If the RMS power dissipation is more than the heat dissipation...
This statement technically does not make any sense, but what I think you might mean is when the heat generation exceeds the heat dissipation.
When current flows through a resistor electrical power is converted to heat inside the resistor. This is heat generation. Consequently the temperature of the resistor rises, and the resistor dissipates the heat by conduction and radiation. There is some temperature where heat generation and heat dissipation are in balance, and this is the steady state operating temperature of the resistor.
If the resistor starts out cold and you apply a current to it, it will start to heat up. The rate which it heats up is related to the heat capacity of the resistor. Simply stated, big resistors have a bigger heat capacity than small resistors, meaning that bigger resistors will heat up more slowly from cold than small resistors.
The heating process in a resistor has a time constant, or characteristic time. This thermal time constant is analogous to the RC time constant of electrical theory.
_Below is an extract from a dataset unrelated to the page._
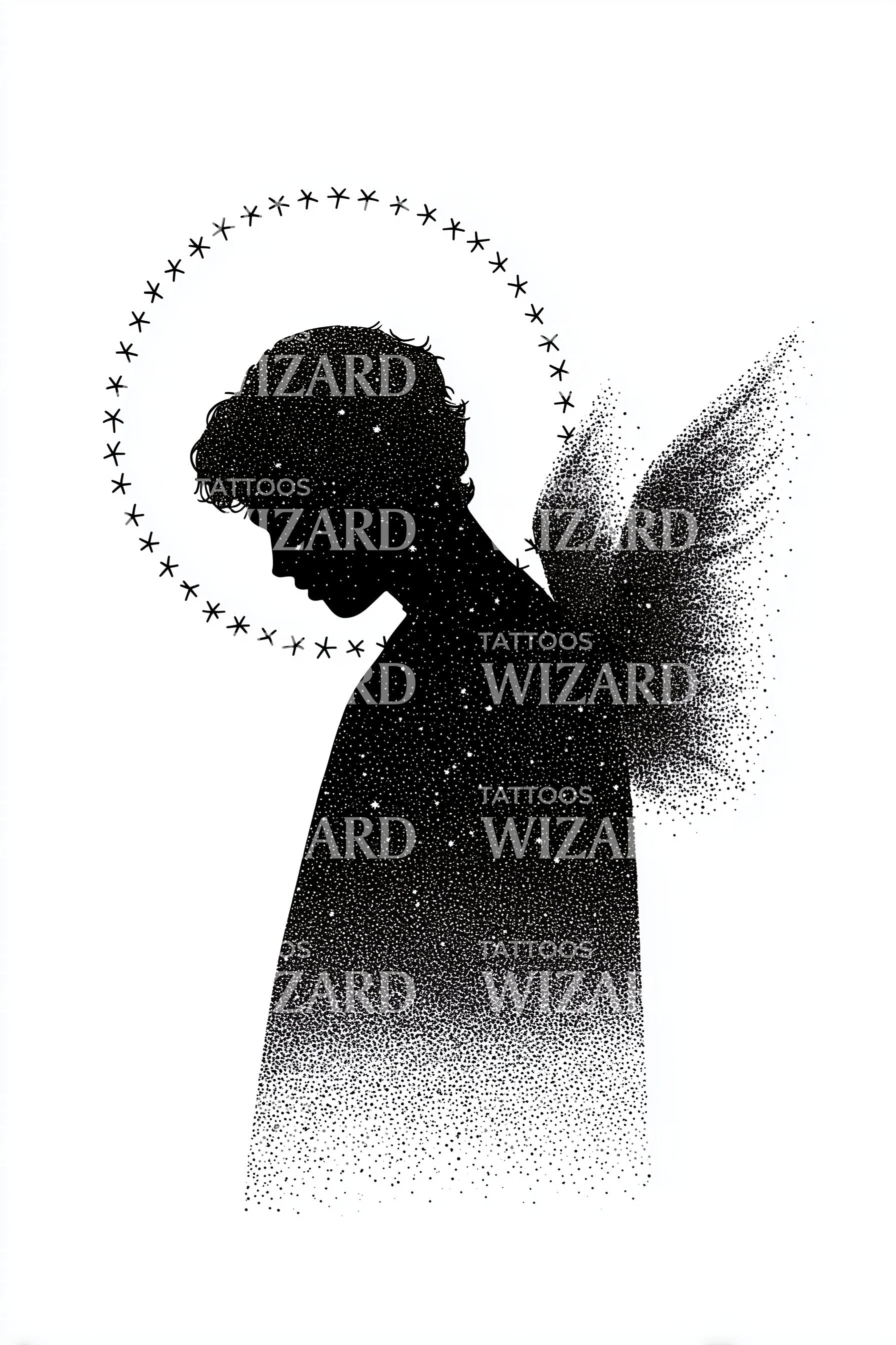 Dotwork constellations sculpt a bowed silhouette, circled by a starry halo and angelic wing rising from shadow. The figure becomes a quiet guardian, holding faith in the spaces between points of light. Worn on skin, it whispers protection, humility, and hope, carrying night-sky calm through every step.

Where this gets interesting is you can compare the thermal time constant to the frequency of operation of your electrical circuit. If the electrical frequency is much faster than the thermal time constant (it usually is), then you can forget about peak currents and just consider average heat dissipation produced by RMS currents or RMS voltages.
For instance, suppose your circuit frequency is 60 Hz. This gives a characteristic time of 1/60 second. Now suppose your thermal time constant is 1 second. This is much slower than the electrical time constant, so you can safely consider average heat generation and not worry about peak currents. If your circuit frequency was 1 kHz the statement about ignoring peak currents would be even stronger.
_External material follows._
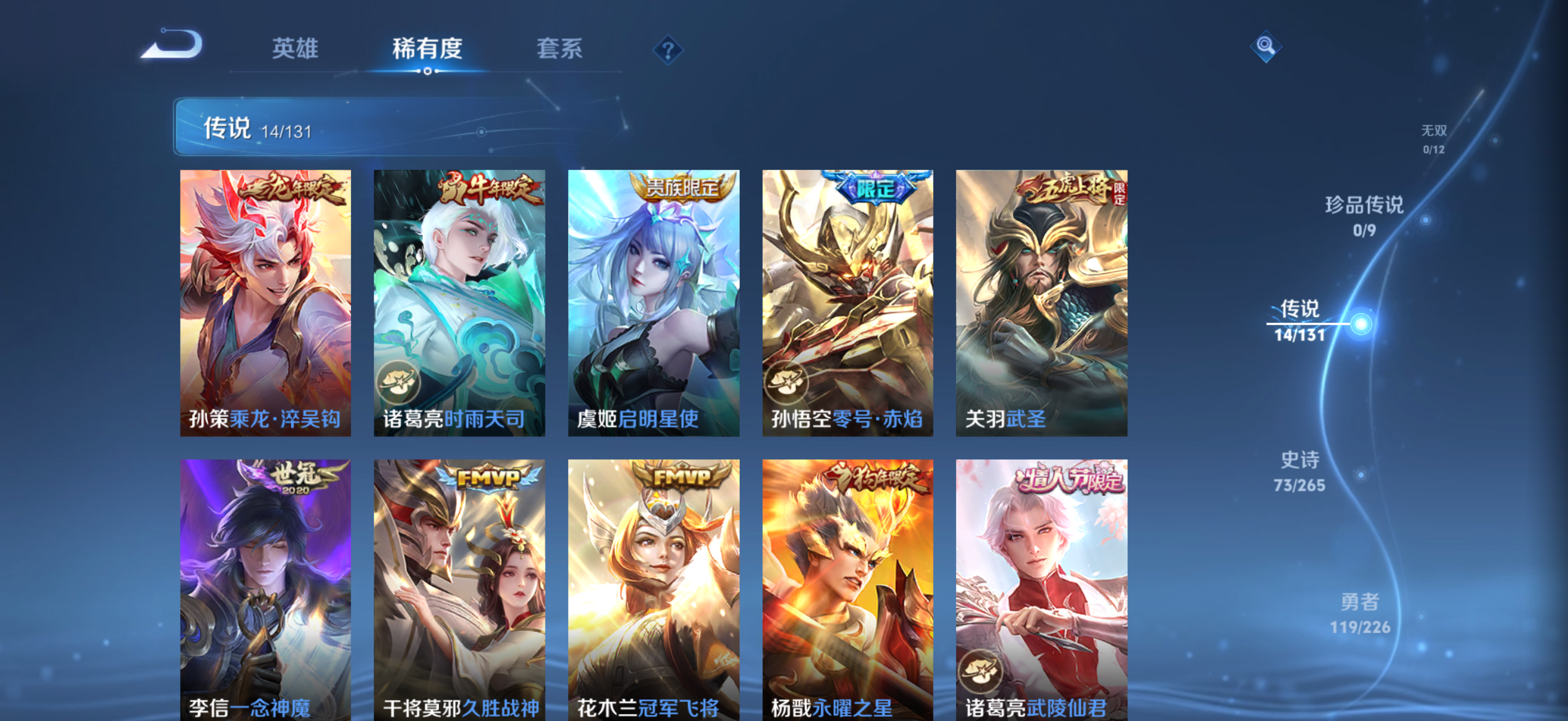 v8 262皮-6典藏(大秦宣太后,九霄神辉,星域神启,鸣剑·曳影,天鹅之梦,全息碎影)14传说乘龙·淬吴钩,时雨天司,启明星使,零号·赤焰,凤求凰,地狱之眼,天魔缭乱,武陵仙君,永曜之星,久胜战神,冠军飞将,武圣,一念神魔,地狱火

You may ask about how to calculate the thermal time constant of the resistor? This bit is hard, since the data is not readily available. You need the thermal resistance, measured for example in kelvins per watt (K/W). Then you need the thermal capacitance, measured in joules per kelvin (J/K). You multiply the two together to get the thermal time constant in seconds (K/W x J/K = J/W = s).
As a rule of thumb, if your circuit frequency is measured in kHz you can assume within reason that you only need to deal with average power dissipations in big elements like resistors. (But if you consider the microscopic bonding wires inside an IC, then all bets are off...)